BEGIN
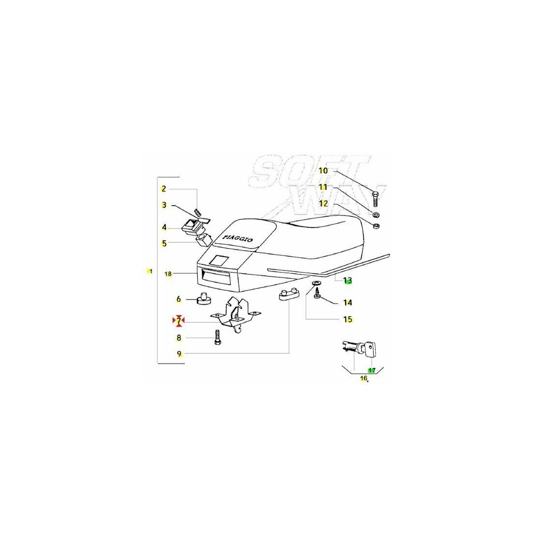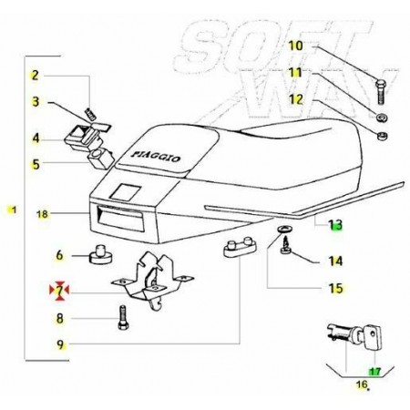 (R.3627) Vendo levetta per apertura sella nuova per Piaggio Vespa 50 N con telai V5X5T dal 1989 con codice Piaggio 265731, per applicazioni ed esploso vedere foto
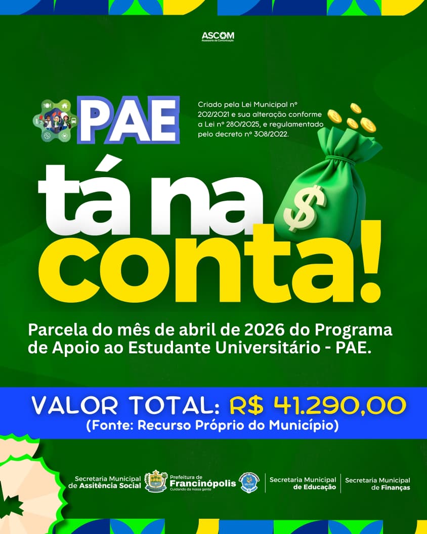 A Prefeitura de Francinópolis efetuou o pagamento da parcela do mês de abril de 2026 do Programa de Apoio ao Estudante Universitário (PAE), reafirmando o compromisso da gestão municipal com a educação e o incentivo à formação acadêmica dos jovens do município.
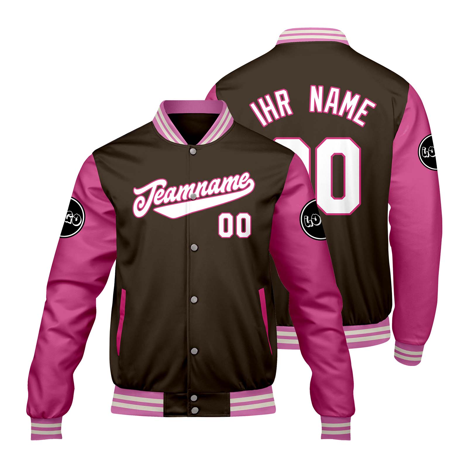Maßgeschneiderte Braun Rosa Letterman Varsity Jacket Individuelle Stickerei Druck nach Ihrem Wunsch
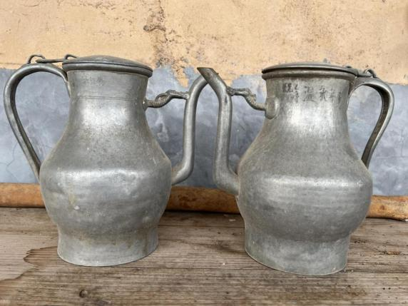 右边的是光旭父母留给他的锡酒壶,左边的是光旭后来自己定制的铝酒壶
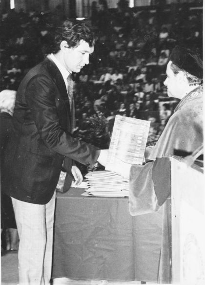 W 1972 roku zostałem wyróżniony srebrną odznaką Wydziału Technologii Drewna, za dobre wyniki w nauce. W roku akademickim 1973/1974, będąc studentem V roku, uzyskałem ze wszystkich obowiązujących egzaminów ocenę 4,5 – z tym, że wówczas najwyższą oceną była 5. Natomiast kończąc studia i uzyskując w 1975 roku tytuł inżyniera, uzyskałem średnia ocenę 4,2 z egzaminów na przestrzeni 5 lat, co było niepowtarzalnym wynikiem na studiach zaocznych. Dziekan Wydziału Technologii Drewna prof. Henryk Jakubowski, człowiek niskiej postury, w trakcie wręczania mi absolutorium (w arenie poznańskiej) rzekł mi, że ucałowałby mnie z radością, ale nie dosięgnie! Ja mu natychmiast odpowiedziałem, że go podsadzę! On na to, żebym sobie za wiele nie pozwalał. Popatrzcie na powyższe zdjęcie z 1975 roku.
END
Nothing but the lines from the first line of the listing above to the line containing "右边的是光旭父母留给他的锡酒壶,左边的是光旭后来自己定制的铝酒壶" should appear in the answer, each one exact and with no pictures.

 (R.3627) Vendo levetta per apertura sella nuova per Piaggio Vespa 50 N con telai V5X5T dal 1989 con codice Piaggio 265731, per applicazioni ed esploso vedere foto
 A Prefeitura de Francinópolis efetuou o pagamento da parcela do mês de abril de 2026 do Programa de Apoio ao Estudante Universitário (PAE), reafirmando o compromisso da gestão municipal com a educação e o incentivo à formação acadêmica dos jovens do município.
Maßgeschneiderte Braun Rosa Letterman Varsity Jacket Individuelle Stickerei Druck nach Ihrem Wunsch
 右边的是光旭父母留给他的锡酒壶,左边的是光旭后来自己定制的铝酒壶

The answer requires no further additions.